__THE PROBLEM__
Everything in the records below from the line containing "市内の高校生たちの取り組み 「狭紅茶」を学ぼう" through the line containing "移動について： ・黒部溪谷鉄道に乗車される場合は、 料金が必要" is to be reproduced exactly, those two lines included; no picture is to be copied.

:: INPUT DATA ::

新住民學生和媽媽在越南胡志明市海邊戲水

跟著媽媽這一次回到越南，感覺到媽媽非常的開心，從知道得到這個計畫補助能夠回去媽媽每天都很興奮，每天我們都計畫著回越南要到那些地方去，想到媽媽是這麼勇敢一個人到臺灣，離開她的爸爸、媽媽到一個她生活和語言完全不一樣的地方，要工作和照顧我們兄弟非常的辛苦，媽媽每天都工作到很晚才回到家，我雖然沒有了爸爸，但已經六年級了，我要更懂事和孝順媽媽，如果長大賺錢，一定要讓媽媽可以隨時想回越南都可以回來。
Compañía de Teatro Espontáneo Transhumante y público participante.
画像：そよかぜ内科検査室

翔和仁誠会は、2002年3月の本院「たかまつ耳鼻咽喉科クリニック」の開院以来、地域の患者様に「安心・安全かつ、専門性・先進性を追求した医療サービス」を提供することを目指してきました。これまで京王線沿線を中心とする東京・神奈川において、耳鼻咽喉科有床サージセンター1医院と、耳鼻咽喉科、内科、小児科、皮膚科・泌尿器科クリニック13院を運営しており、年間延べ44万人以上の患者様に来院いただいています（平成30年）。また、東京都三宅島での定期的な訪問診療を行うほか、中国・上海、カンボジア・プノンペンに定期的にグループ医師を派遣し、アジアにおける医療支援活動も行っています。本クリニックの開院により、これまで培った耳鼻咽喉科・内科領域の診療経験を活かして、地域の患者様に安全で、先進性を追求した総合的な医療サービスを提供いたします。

:::
:: INPUT DATA ::

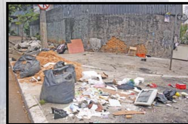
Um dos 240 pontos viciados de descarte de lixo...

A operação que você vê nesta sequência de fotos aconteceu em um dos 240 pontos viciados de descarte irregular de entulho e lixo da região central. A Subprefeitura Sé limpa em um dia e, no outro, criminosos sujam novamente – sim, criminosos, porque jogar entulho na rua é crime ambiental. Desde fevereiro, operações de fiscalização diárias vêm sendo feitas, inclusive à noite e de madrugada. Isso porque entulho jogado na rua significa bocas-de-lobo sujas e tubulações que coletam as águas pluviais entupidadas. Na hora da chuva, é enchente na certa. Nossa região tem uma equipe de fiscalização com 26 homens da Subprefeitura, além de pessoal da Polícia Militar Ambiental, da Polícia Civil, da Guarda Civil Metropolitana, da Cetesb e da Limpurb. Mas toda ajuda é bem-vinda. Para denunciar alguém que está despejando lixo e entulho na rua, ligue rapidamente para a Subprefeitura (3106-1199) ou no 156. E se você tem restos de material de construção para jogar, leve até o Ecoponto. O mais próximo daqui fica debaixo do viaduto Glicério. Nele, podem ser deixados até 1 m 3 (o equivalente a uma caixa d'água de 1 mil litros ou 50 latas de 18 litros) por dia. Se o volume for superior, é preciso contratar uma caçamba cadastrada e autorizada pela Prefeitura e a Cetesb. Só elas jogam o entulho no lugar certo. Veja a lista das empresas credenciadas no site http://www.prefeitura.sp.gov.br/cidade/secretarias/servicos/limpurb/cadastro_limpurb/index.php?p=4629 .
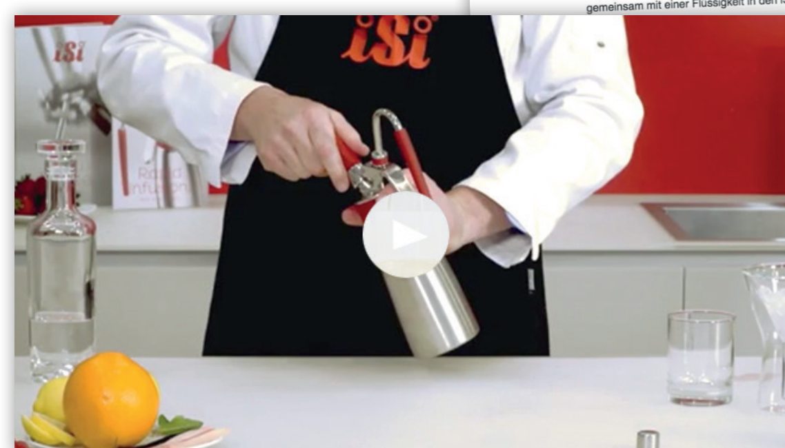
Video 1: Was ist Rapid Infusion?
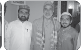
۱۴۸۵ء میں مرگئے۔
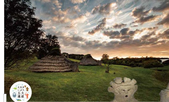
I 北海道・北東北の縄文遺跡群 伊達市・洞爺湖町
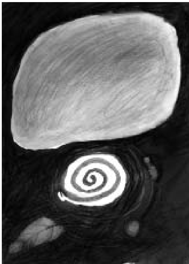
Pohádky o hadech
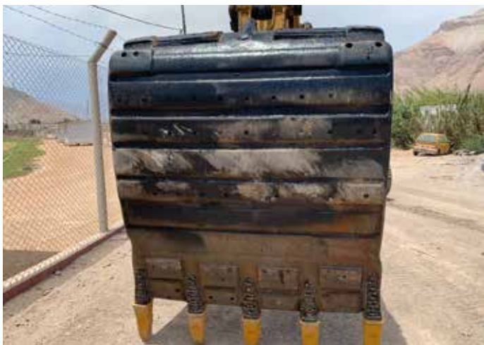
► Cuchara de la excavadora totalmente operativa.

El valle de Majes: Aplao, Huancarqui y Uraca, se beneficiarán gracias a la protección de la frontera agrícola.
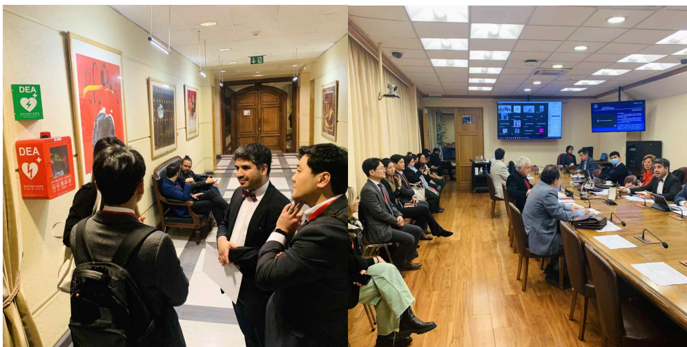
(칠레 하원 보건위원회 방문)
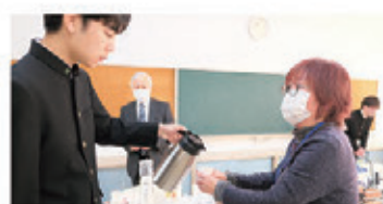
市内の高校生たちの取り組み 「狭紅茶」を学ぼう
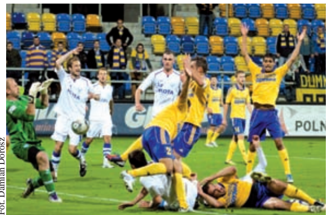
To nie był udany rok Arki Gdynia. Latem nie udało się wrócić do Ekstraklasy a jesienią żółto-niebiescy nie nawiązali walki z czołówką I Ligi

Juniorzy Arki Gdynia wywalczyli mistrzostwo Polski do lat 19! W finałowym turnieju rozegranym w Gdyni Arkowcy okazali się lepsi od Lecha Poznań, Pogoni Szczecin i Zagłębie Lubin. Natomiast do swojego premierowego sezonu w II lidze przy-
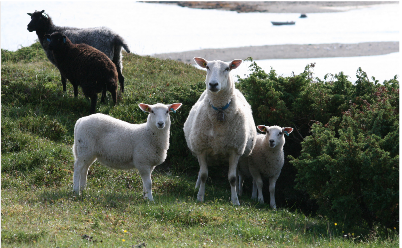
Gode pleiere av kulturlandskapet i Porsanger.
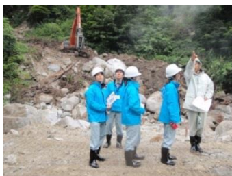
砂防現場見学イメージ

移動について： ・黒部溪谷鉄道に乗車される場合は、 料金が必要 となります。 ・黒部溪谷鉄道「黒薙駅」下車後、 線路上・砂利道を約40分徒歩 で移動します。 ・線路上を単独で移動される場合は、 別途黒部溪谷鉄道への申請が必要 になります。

:::

__EXPECTED ANSWER__
市内の高校生たちの取り組み 「狭紅茶」を学ぼう
To nie był udany rok Arki Gdynia. Latem nie udało się wrócić do Ekstraklasy a jesienią żółto-niebiescy nie nawiązali walki z czołówką I Ligi

Juniorzy Arki Gdynia wywalczyli mistrzostwo Polski do lat 19! W finałowym turnieju rozegranym w Gdyni Arkowcy okazali się lepsi od Lecha Poznań, Pogoni Szczecin i Zagłębie Lubin. Natomiast do swojego premierowego sezonu w II lidze przy-
Gode pleiere av kulturlandskapet i Porsanger.
砂防現場見学イメージ

移動について： ・黒部溪谷鉄道に乗車される場合は、 料金が必要 となります。 ・黒部溪谷鉄道「黒薙駅」下車後、 線路上・砂利道を約40分徒歩 で移動します。 ・線路上を単独で移動される場合は、 別途黒部溪谷鉄道への申請が必要 になります。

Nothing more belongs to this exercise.